The (S)-TA HBV from Burkholderia vietnamiensis was found to have a broad substrate profile. Especially, it catalyzed the amino transfer of (S)-1-methylbenzylamine to ethyl acetoacetate, ethyl propionylacetate and levulinic acid to afford the corresponding (S)-configurated amino acids or esters with 99% ee. It was the first time to report that optically pure (S)-3-aminopentanoic acid ethyl ester and (S)-4-aminovaleric acid were produced with transaminase as catalyst.

In the kinetic resolution of racemic amines using HBV as catalyst and glyoxylate as amino acceptor, optically pure amines were obtained.   

The five new (R)-TAs (HFO, HNH, HTA, HTR and HTV) were from Fusarium oxysporum, Nectria haematococca, Trichoderma atroviride, Trichoderma reesei and Trichoderma virens, respectively. The (R)-TAs showed activity toward a series of keto acids and keto esters including pyruvic acid, 2-oxobutyric acid, 2-ketovaleric acid, 3-mercaptopyruvate, ethyl acetoacetate, ethyl propionylacetate and levulinic acid. All of the corresponding products were unnatural amino acids or esters (ee>99%).

The feasibility of (R)-TAs (HFO and HTR) for the kinetic resolution of racemic amines was tested with pyruvate (40 mM) as amino accepter. All the racemic amines (50 mM) tested were successfully resolved and optically pure (S)-enantiomers (ee>99%) were obtained with good conversions. The lyophilized crude cell-free extract of HFO showed high thermostability in organic solvent (ethyl acetate), 95% catalytic activity remained after incubation at 60 °C for 5 h. The lyophilized enzyme powder (HFO) can efficiently catalyze the asymmetric amination in organic solvent.

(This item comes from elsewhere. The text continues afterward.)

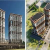 Проект подготовила студия архитектора Владимира Золотова вместе с фирмой «Векстрой». Два нижних этажа отведут под коммерческие помещения, комплекс предложит жильцам 254 квартиры, террасные пространства и подземную парковку на два уровня.

The research articles entitled “Characterization of (R)-selective amine transaminases identified by in silico motif sequence blast” and “Substrate profile of an ω-transaminase from Burkholderia vietnamiensis and its potential for the production of optically pure amines and unnatural amino acids” were published in Applied Microbiology and Biotechnology and Journal of Molecular Catalysis B: Enzymatic. Two Chinese patents were applied (201310556932.X and 201310556825.7).

This research were supported by the National Basic Research Program of China (973 Program, No. 2011CB710801), National Natural Science Foundation of China (grant no. 21072151) and the CAS Special Grant for Postgraduate Research, Innovation and Practice (grant no. Y2J8041021).